• WHAT THIS TASK INVOLVES: From the entries below, return exactly the lines beginning at the one that contains "Lindo berloque Vivara" and ending at the one that contains "Collagile® osteo se", both of them included, and only those lines.

╭─ DATA SUPPLIED

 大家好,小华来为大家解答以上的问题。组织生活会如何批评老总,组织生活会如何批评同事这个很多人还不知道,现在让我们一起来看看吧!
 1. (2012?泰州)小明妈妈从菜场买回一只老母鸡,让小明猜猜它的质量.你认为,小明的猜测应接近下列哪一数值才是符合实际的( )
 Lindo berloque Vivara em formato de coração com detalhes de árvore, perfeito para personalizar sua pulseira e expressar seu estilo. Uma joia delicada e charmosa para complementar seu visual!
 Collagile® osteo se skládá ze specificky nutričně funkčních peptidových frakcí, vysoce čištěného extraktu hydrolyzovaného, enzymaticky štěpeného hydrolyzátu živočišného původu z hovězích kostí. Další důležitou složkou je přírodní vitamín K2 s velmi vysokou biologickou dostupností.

╰─
╭─ DATA SUPPLIED

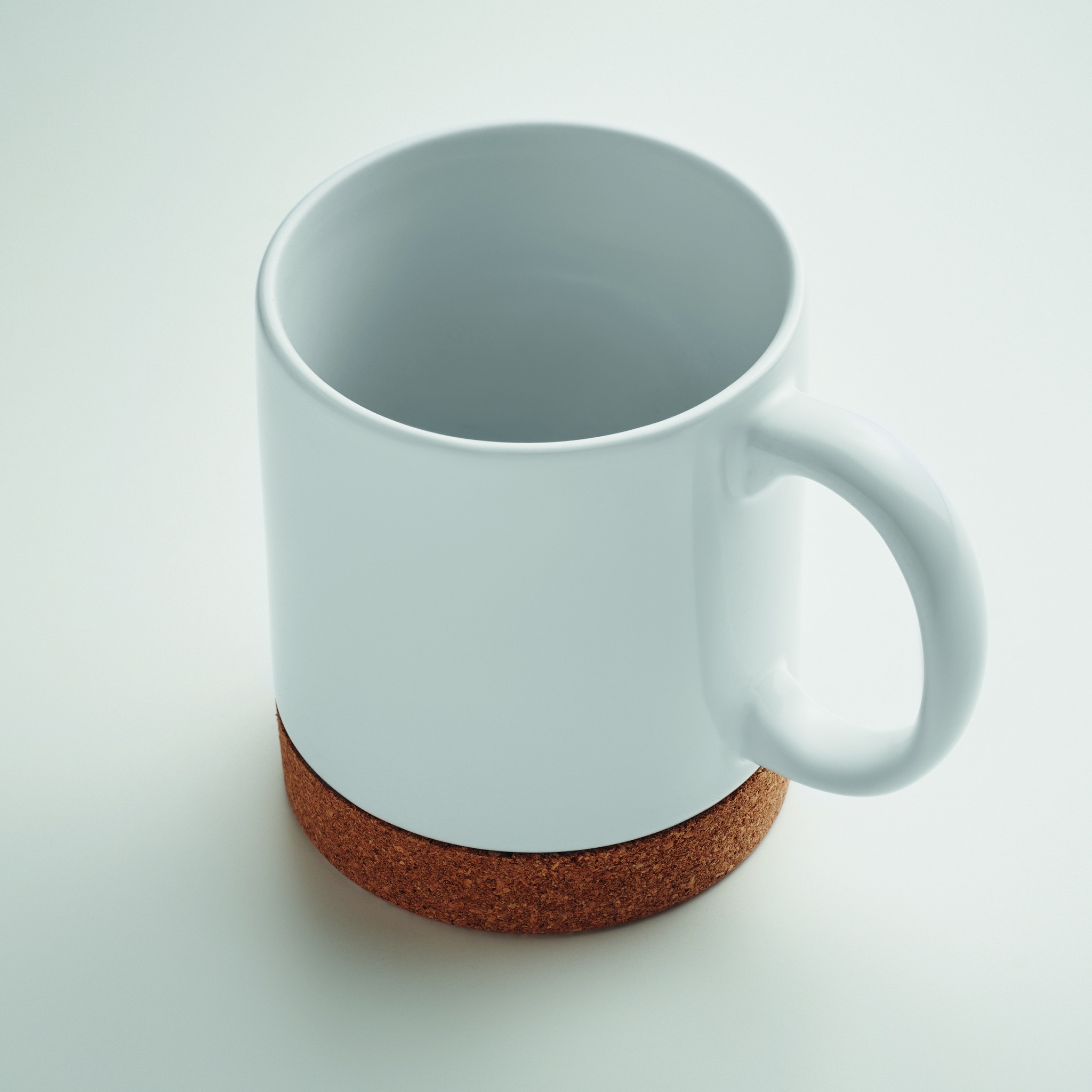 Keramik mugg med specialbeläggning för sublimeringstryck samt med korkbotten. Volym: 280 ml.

╰─

• WRITTEN ANSWER:
 Lindo berloque Vivara em formato de coração com detalhes de árvore, perfeito para personalizar sua pulseira e expressar seu estilo. Uma joia delicada e charmosa para complementar seu visual!
 Collagile® osteo se skládá ze specificky nutričně funkčních peptidových frakcí, vysoce čištěného extraktu hydrolyzovaného, enzymaticky štěpeného hydrolyzátu živočišného původu z hovězích kostí. Další důležitou složkou je přírodní vitamín K2 s velmi vysokou biologickou dostupností.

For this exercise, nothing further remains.